▶ _Work order_
Using the listing below, copy exactly the lines from the one containing "Dyson V8 Absolute" to the one containing "上个月到茂名粤西农批,我入去", both lines included, and no others.

▶ _Record set_
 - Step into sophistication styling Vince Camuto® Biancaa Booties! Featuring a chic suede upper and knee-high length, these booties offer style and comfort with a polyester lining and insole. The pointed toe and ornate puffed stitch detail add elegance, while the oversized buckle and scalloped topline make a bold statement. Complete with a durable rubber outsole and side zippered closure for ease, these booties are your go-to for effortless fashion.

---

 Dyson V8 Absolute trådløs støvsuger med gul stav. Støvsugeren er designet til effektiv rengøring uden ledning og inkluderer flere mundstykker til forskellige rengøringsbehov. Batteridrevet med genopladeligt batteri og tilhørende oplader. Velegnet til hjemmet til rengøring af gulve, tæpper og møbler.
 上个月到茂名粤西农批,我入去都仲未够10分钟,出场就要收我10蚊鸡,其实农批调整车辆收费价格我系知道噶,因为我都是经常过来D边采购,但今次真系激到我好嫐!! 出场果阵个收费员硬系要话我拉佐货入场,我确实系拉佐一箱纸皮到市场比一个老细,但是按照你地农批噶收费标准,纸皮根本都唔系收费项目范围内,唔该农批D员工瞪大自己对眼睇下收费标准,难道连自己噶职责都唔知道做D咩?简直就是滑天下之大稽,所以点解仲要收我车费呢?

▶ _Answer box_
 Dyson V8 Absolute trådløs støvsuger med gul stav. Støvsugeren er designet til effektiv rengøring uden ledning og inkluderer flere mundstykker til forskellige rengøringsbehov. Batteridrevet med genopladeligt batteri og tilhørende oplader. Velegnet til hjemmet til rengøring af gulve, tæpper og møbler.
 上个月到茂名粤西农批,我入去都仲未够10分钟,出场就要收我10蚊鸡,其实农批调整车辆收费价格我系知道噶,因为我都是经常过来D边采购,但今次真系激到我好嫐!! 出场果阵个收费员硬系要话我拉佐货入场,我确实系拉佐一箱纸皮到市场比一个老细,但是按照你地农批噶收费标准,纸皮根本都唔系收费项目范围内,唔该农批D员工瞪大自己对眼睇下收费标准,难道连自己噶职责都唔知道做D咩?简直就是滑天下之大稽,所以点解仲要收我车费呢?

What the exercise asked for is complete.